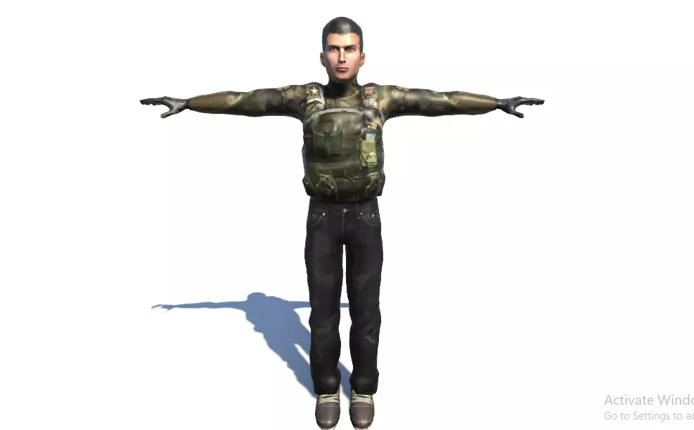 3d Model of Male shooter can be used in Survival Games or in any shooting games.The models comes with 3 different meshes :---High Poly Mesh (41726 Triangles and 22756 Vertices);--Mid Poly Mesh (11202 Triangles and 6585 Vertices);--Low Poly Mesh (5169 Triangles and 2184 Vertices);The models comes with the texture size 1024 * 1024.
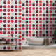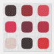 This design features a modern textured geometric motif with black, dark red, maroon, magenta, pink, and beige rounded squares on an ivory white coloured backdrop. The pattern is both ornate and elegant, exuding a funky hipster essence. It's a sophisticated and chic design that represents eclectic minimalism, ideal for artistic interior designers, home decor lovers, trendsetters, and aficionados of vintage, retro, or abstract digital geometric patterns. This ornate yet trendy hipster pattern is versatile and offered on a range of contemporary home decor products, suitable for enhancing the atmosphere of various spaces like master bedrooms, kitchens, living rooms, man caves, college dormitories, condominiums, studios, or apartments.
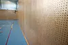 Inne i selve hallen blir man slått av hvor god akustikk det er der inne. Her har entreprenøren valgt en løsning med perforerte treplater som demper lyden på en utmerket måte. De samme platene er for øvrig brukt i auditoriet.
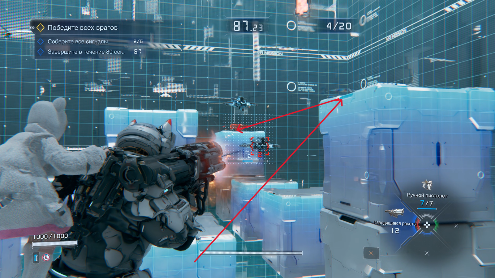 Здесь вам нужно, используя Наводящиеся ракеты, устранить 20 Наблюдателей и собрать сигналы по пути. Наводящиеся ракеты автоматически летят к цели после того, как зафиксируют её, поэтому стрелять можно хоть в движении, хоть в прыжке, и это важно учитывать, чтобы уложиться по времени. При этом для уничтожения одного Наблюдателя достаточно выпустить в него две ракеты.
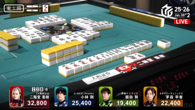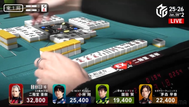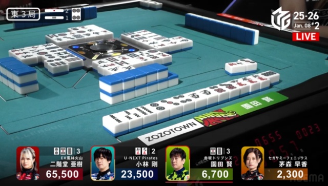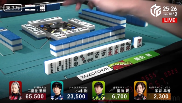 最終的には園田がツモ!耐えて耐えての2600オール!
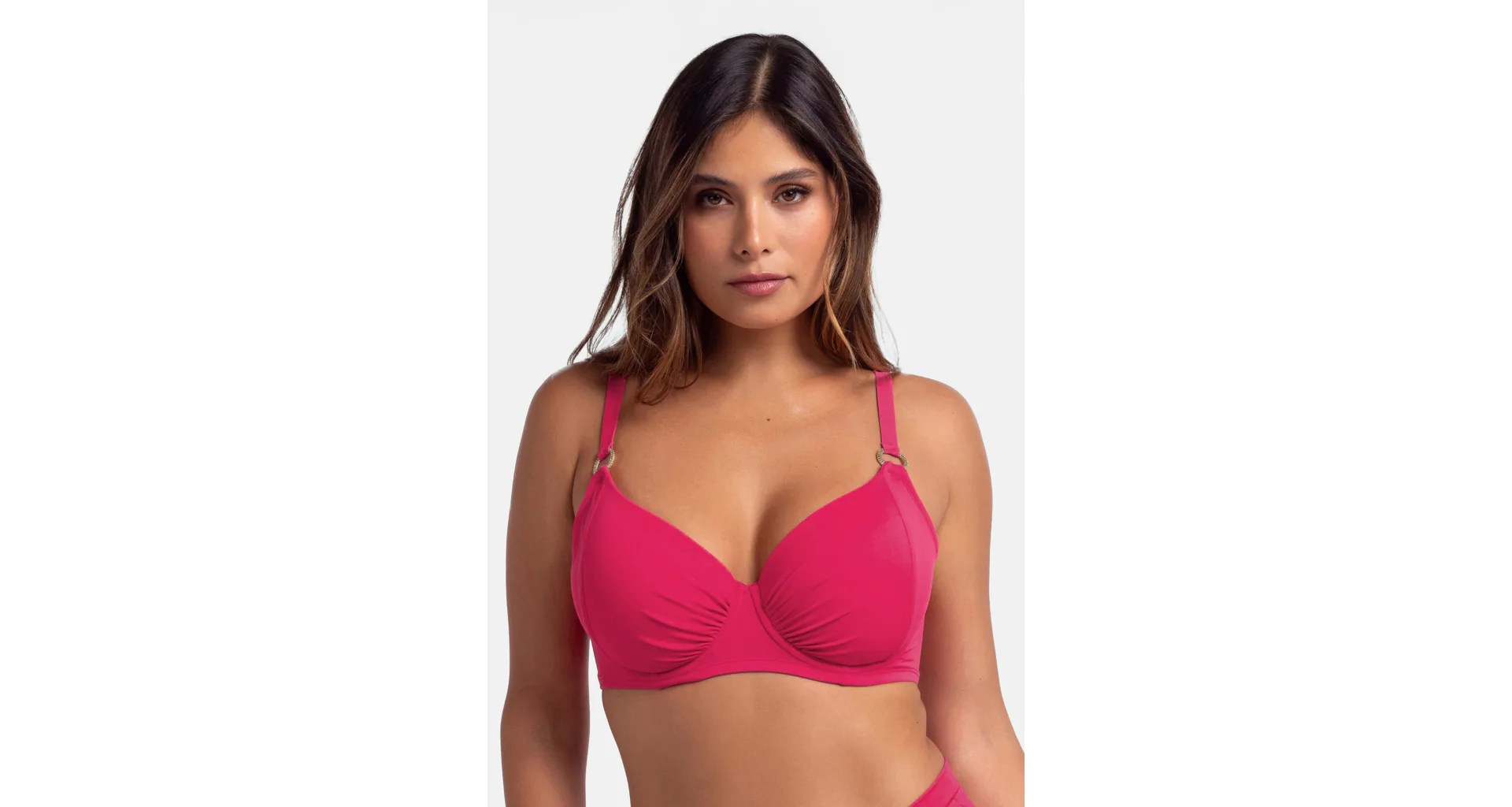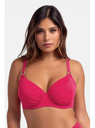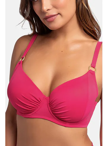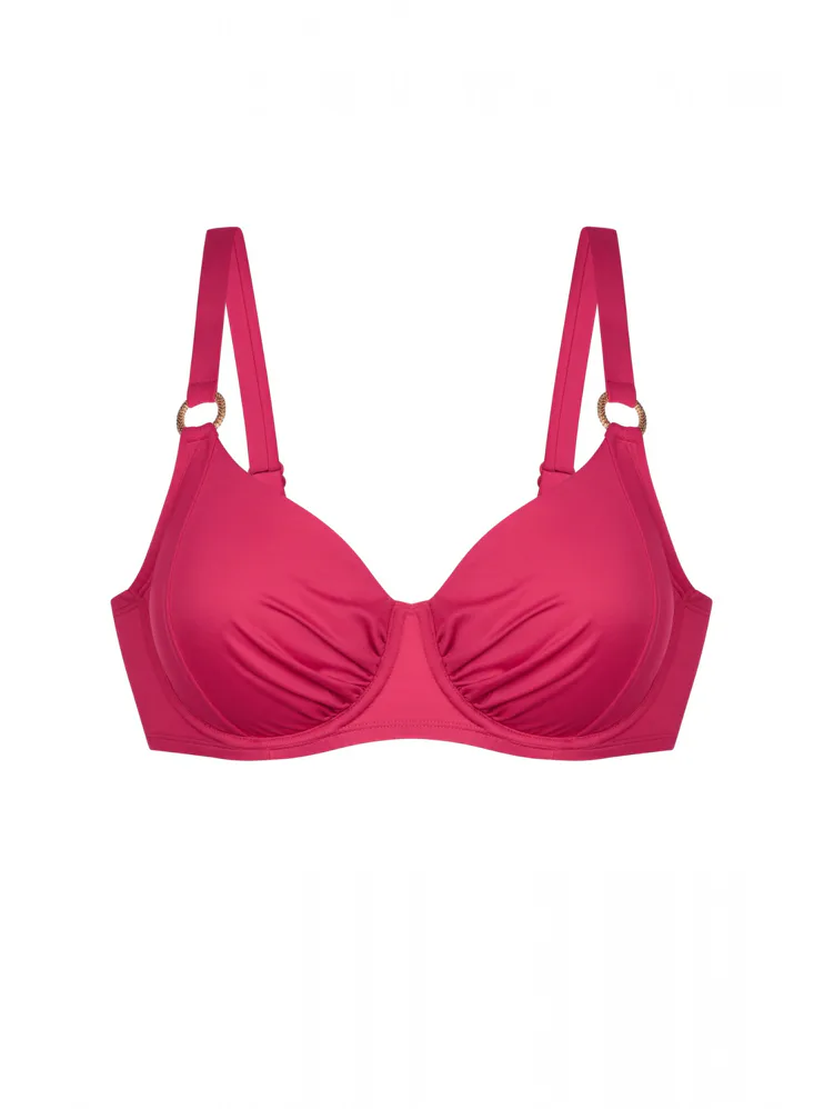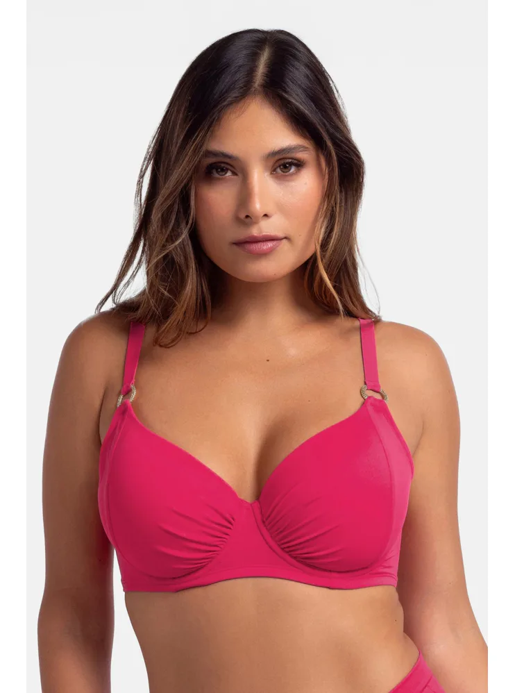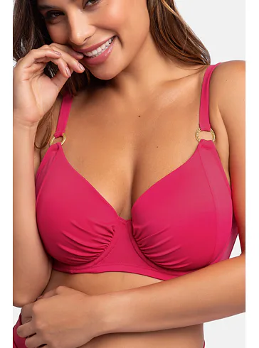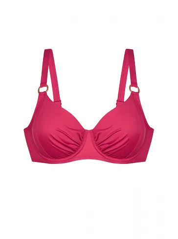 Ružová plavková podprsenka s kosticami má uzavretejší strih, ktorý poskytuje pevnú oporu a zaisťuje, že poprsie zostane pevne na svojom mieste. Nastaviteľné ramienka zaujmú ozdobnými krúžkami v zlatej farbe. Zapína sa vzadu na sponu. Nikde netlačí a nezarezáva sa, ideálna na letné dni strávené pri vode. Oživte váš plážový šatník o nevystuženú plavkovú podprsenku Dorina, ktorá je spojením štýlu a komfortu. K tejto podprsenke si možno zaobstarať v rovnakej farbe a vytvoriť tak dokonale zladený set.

━━━━━━━━━━━━━━━━━━━━━━━━━━━━━━

### Problem to solve
Output exactly the lines of the listing above that start with the one holding "This design features" and go on through the one holding "Здесь вам нужно, используя"; leave the pictures out.

### Exercise solution
 This design features a modern textured geometric motif with black, dark red, maroon, magenta, pink, and beige rounded squares on an ivory white coloured backdrop. The pattern is both ornate and elegant, exuding a funky hipster essence. It's a sophisticated and chic design that represents eclectic minimalism, ideal for artistic interior designers, home decor lovers, trendsetters, and aficionados of vintage, retro, or abstract digital geometric patterns. This ornate yet trendy hipster pattern is versatile and offered on a range of contemporary home decor products, suitable for enhancing the atmosphere of various spaces like master bedrooms, kitchens, living rooms, man caves, college dormitories, condominiums, studios, or apartments.
 Inne i selve hallen blir man slått av hvor god akustikk det er der inne. Her har entreprenøren valgt en løsning med perforerte treplater som demper lyden på en utmerket måte. De samme platene er for øvrig brukt i auditoriet.
 Здесь вам нужно, используя Наводящиеся ракеты, устранить 20 Наблюдателей и собрать сигналы по пути. Наводящиеся ракеты автоматически летят к цели после того, как зафиксируют её, поэтому стрелять можно хоть в движении, хоть в прыжке, и это важно учитывать, чтобы уложиться по времени. При этом для уничтожения одного Наблюдателя достаточно выпустить в него две ракеты.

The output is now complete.